A Python package for performance criteria visualization
Project description
Performance Criteria
criteria_performance
is a Python package that allows you to calculate and visualize performance criteria from CSV data and DataFrames. This module facilitates the evaluation of classification models by calculating essential metrics such as recall, precision, false positive rate (FPR), and false negative rate (FNR), as well as generating ROC, P-R, and DET curves.
Installation
You can install the package via pip
:
pip install criteria-performance
or
pip install criteria_performance
Usage
Loading Data
To use the module, you need to provide a URL or path to a CSV file containing at least two columns, or a DataFrame:
- The first column must contain the classes (1 for positive, -1 for negative).
- The second column must contain the prediction scores.
Example CSV
Example of a CSV file structure compatible with the module:
Class | Score |
---|---|
1 | 0.9 |
1 | 0.8 |
-1 | 0.4 |
-1 | 0.1 |
Example
Here is an example of using the PerformanceCriteria
class:
from criteria import PerformanceCriteria
# Replace 'path_to_your_file.csv' with the path to your CSV file
performance = PerformanceCriteria('path_to_your_file.csv')
# Access metrics
print("Recall:", performance.get_recall())
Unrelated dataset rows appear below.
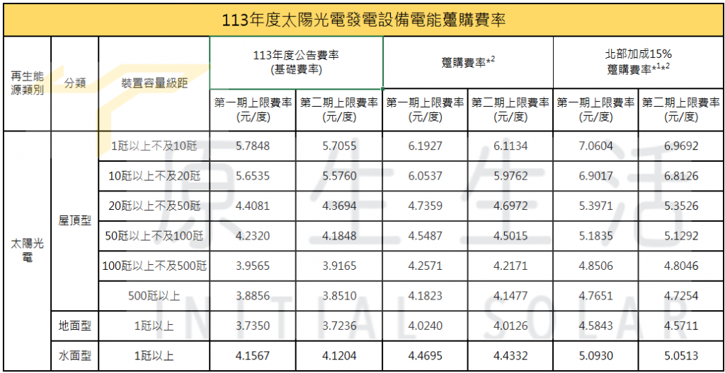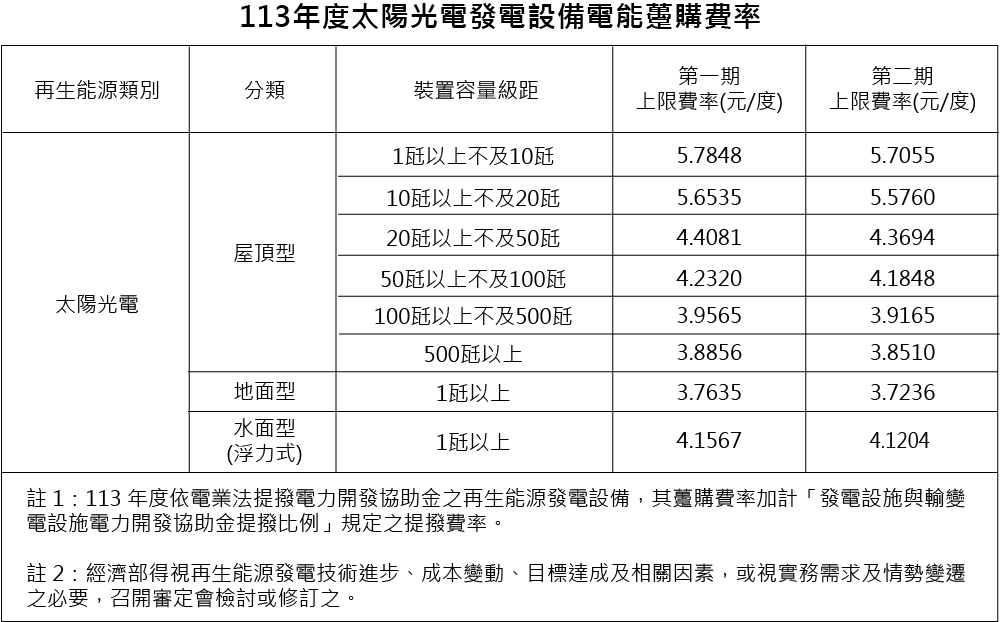 綠能知識 首頁 最新消息 綠能知識 最新消息 優惠訊息 綠能知識 案例實績 太陽能光電 —工廠 —住家 —學校 —其他 太陽能自發自用 熱泵熱水系統 最新消息 優惠訊息 綠能知識 案例實績 太陽能光電 —工廠 —住家 —學校 —其他 太陽能自發自用 熱泵熱水系統 經濟部完成「中華民國113年度再生能源電能躉購費率及其計算公式」之審定作業,與112年度相比,除太陽光電微幅下修外,其餘再生能源則持平或微幅上漲;另為鼓勵公民電廠、集合式住宅等微型、中小型家戶屋頂設置太陽光電設備,針對不及100瓩之屋頂型太陽光電,再細拆為4個級距。太陽光電:採一年二期,並按各分類容量級距區分,第一期躉購費率介於每度3.7635~5.7848元,第二期躉購費率則介於每度3.7236~5.7055元。
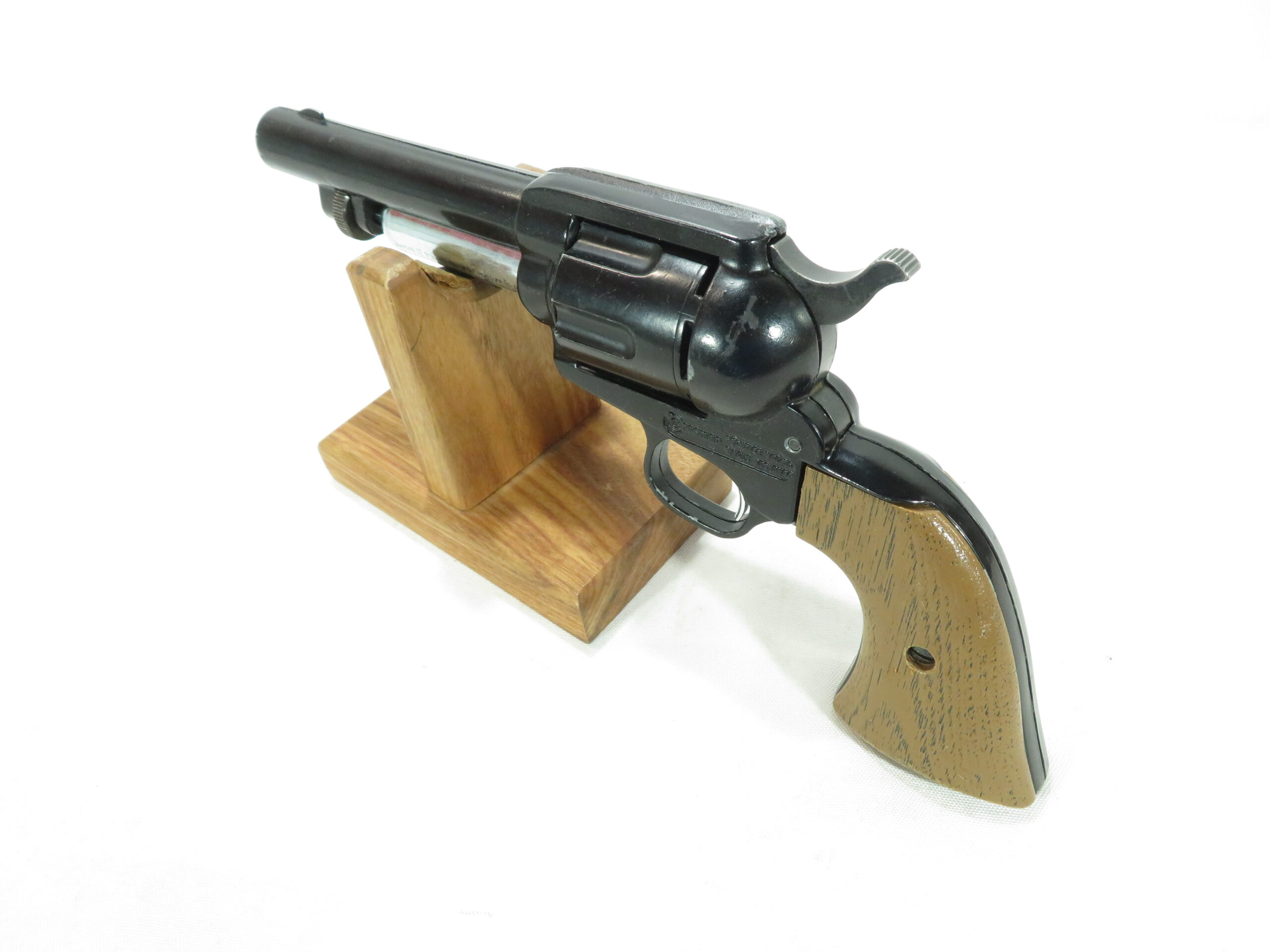 The Crosman 36 Frontier is a BB caliber CO2 single-powerlet pistol. This gun is single action full-size, full weight replica of the Colt single action revolver. This gun has a six-shot revolving clip, and a twelve-shot spring-fed tubular magazine. This gun is basically a continuation of the Hahn/Crosman model 45, series one. This Model 36 has 85% of its original blue finish, and its plastic grips are also in good condition.
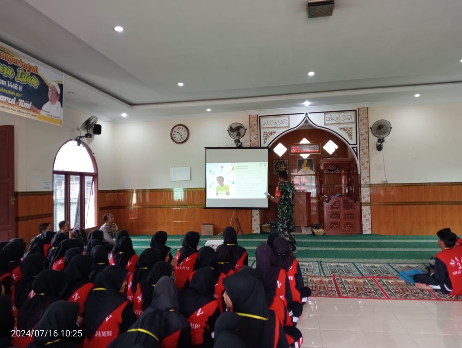 Setelah senam berakhir, siswa dikumpulkan kembali di tengah lapangan. Mereka pun berbaris dengan rapi. Anggota OSIM dengan cekatan mengarahkan siswa agar mengikuti setiap instruksi. Sementara itu Babinkamtibmas dan Babinsa Kelurahan Eka Jaya Polsek Jambi Selatan dengan seragam lengkap sudah siap memberikan materi kepada siswa baru. Sejenak para siswa terpukau dengan anggota tersebut yang tampil dengan penuh kharisma dan wibawa. Dalam sekejap mereka telah mendapat tempat di hati para peserta MATSAMA. Karena tidak sedikit yang bercita-cita ingin menjadi aparat negara. Salah satu materi yang disampaikan ialah mengenai pentingnya latihan baris berbaris di lingkungan madrasah. Karena manfaat mengikuti LKBB untuk melatih fisik, kedisiplinan, kekompakan dalam tim, loyalitas, rasa persatuan, kepedulian antar sesama serta memiliki rasa tanggung jawab sehingga akan menjalankan setiap kegiatan dengan sungguh-sungguh.
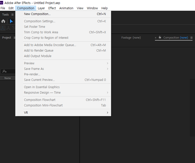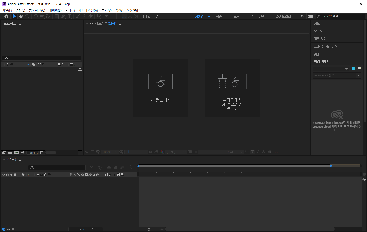 10)에프터 이펙트를 재실행하면 사용자 언어가 변경된것을 확인할수있습니다.
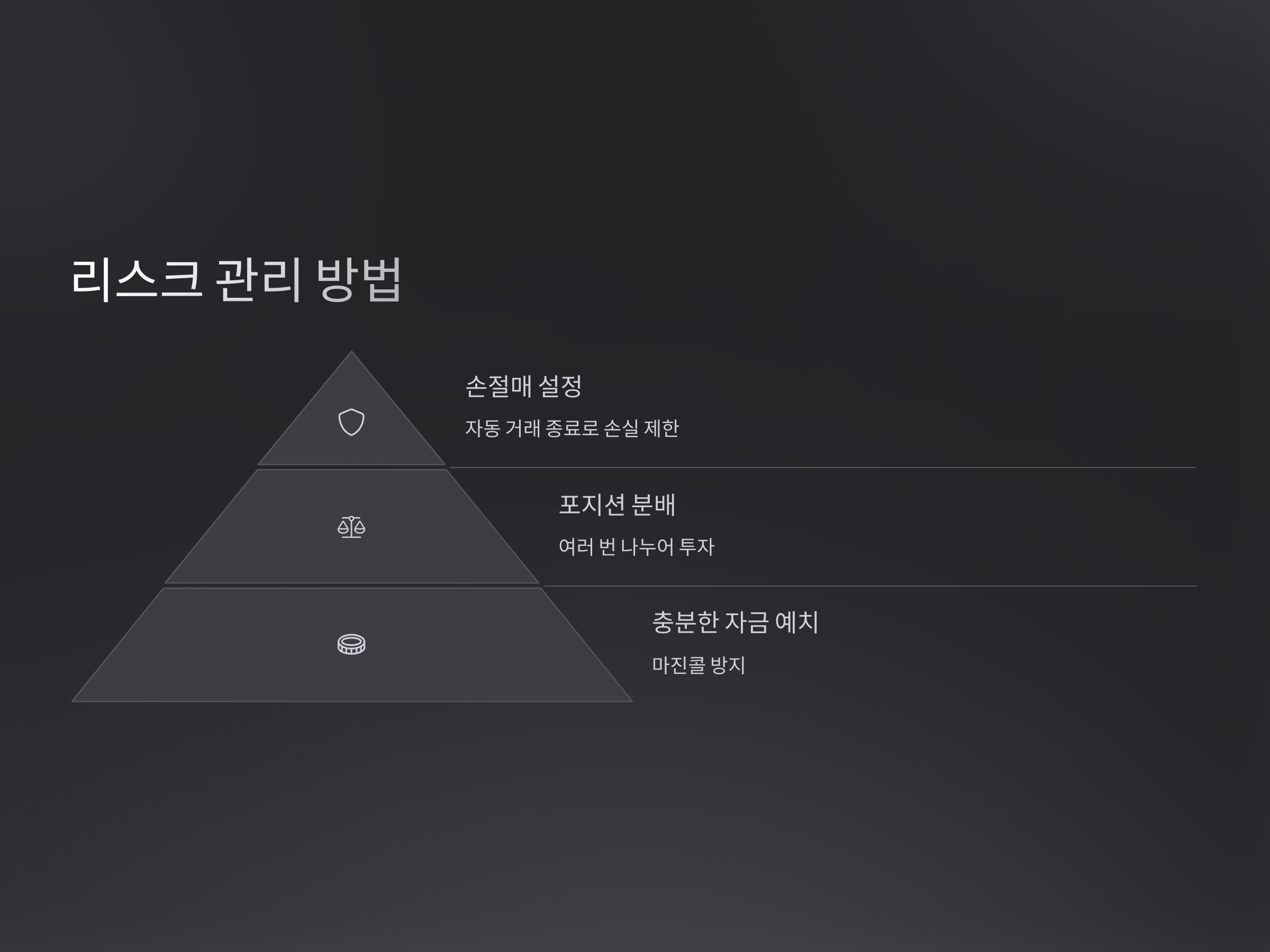 리스크 관리를 위한 첫 번째 방법은 포지션을 적절히 분배하는 것입니다. 모든 자금을 한 번에 마진거래에 투자하는 것보다는 여러 번에 나누어 투자하는 것이 리스크를 분산시키는 데 도움이 됩니다. 또한, 손절매(stop-loss) 전략을 세워서 일정 손실이 발생하면 자동으로 거래를 종료하도록 설정하는 것이 중요합니다. 이를 통해 급격한 손실을 방지하고, 자산을 보호할 수 있습니다.
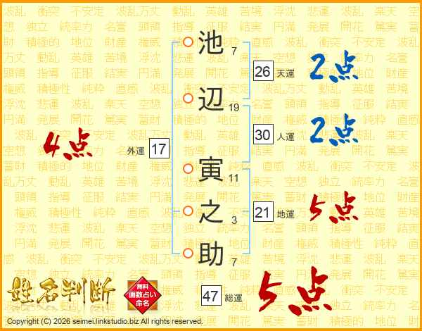 池辺寅之助さんの総運は47画の5点!
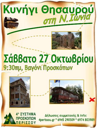 Το 4ο Σύστημα Προσκόπων Περισσού, στο πλαίσιο των εορτασμών για τα 60χρόνια συνεχούς λειτουργίας του Συστήματος, διοργανώνουν Κυνήγι Θησαυρού στη Νέα Ιωνία, το Σάββατο 27 Οκτωβρίου 2012.
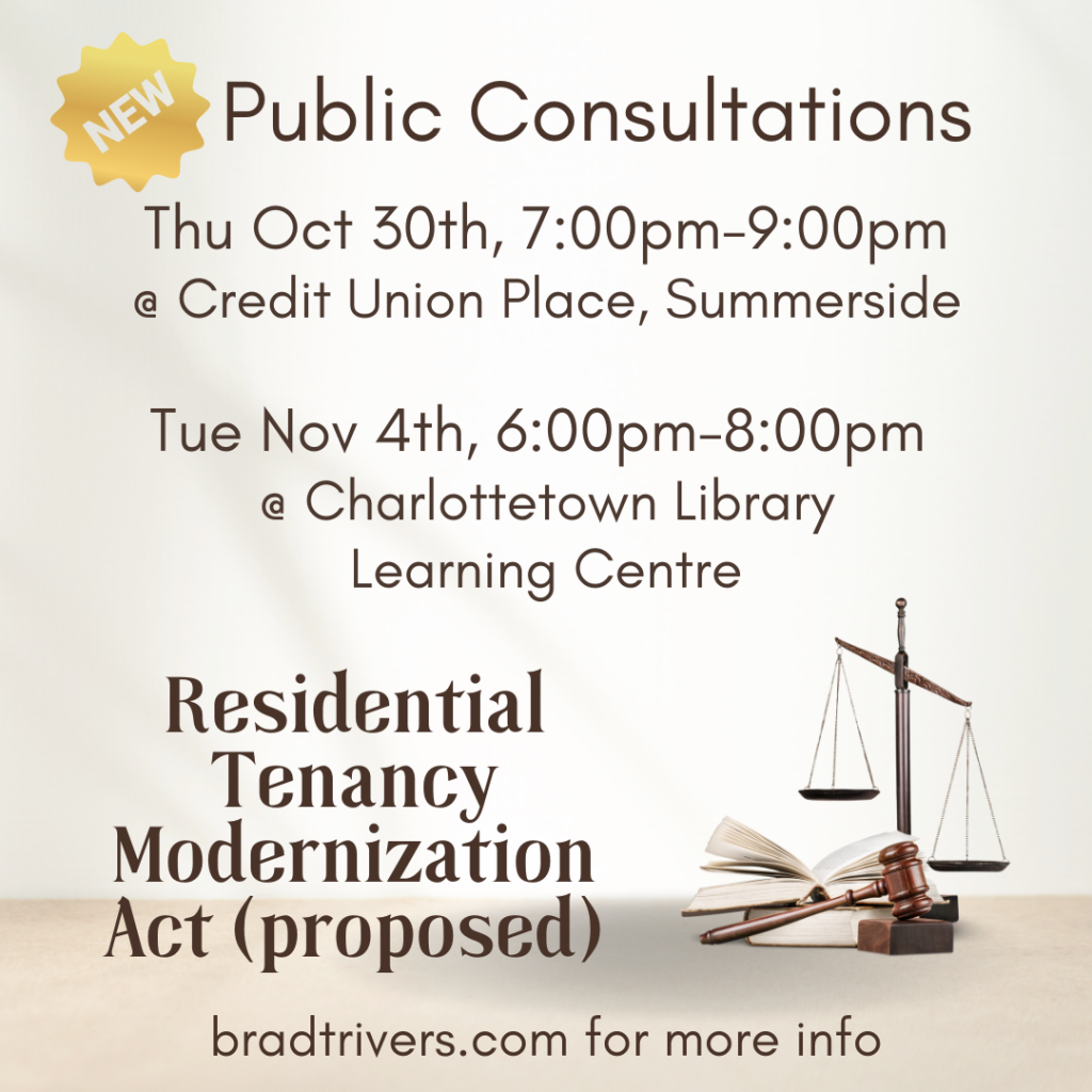 Feedback on the new version of the Residential Tenancy Modernization Act (RTMA) continues. Incorporating feedback a new version 1.1 has been released. It furthers the goal of this proposal to build a rental framework that is fair for tenants, viable for landlords, and sustainable for Prince Edward Island.

print("Precision:", performance.get_precision())
print("False Positives (FP):", performance.get_fp())
print("False Negatives (FN):", performance.get_fn())
Visualization
The module includes methods to display performance criteria graphs:
dispROC()
: Displays the ROC curve.dispPR()
: Displays the Precision-Recall curve.dispDET()
: Displays the DET curve.displaygraphe()
: Displays all graphs in a single figure.
Example:
performance.displaygraphe()
performance.show() # Displays the figure
Calculated Metrics
The module calculates and returns the following metrics:
- PPV (Positive Predictive Value): Positive predictive value.
- NPV (Negative Predictive Value): Negative predictive value.
- False Positives (FP): Number of false positives.
- True Positives (TP): Number of true positives.
- False Negatives (FN): Number of false negatives.
- False Negative Rate (FNR): False negative rate.
- False Positive Rate (FPR): False positive rate.
- Recall: Sensitivity or true positive rate.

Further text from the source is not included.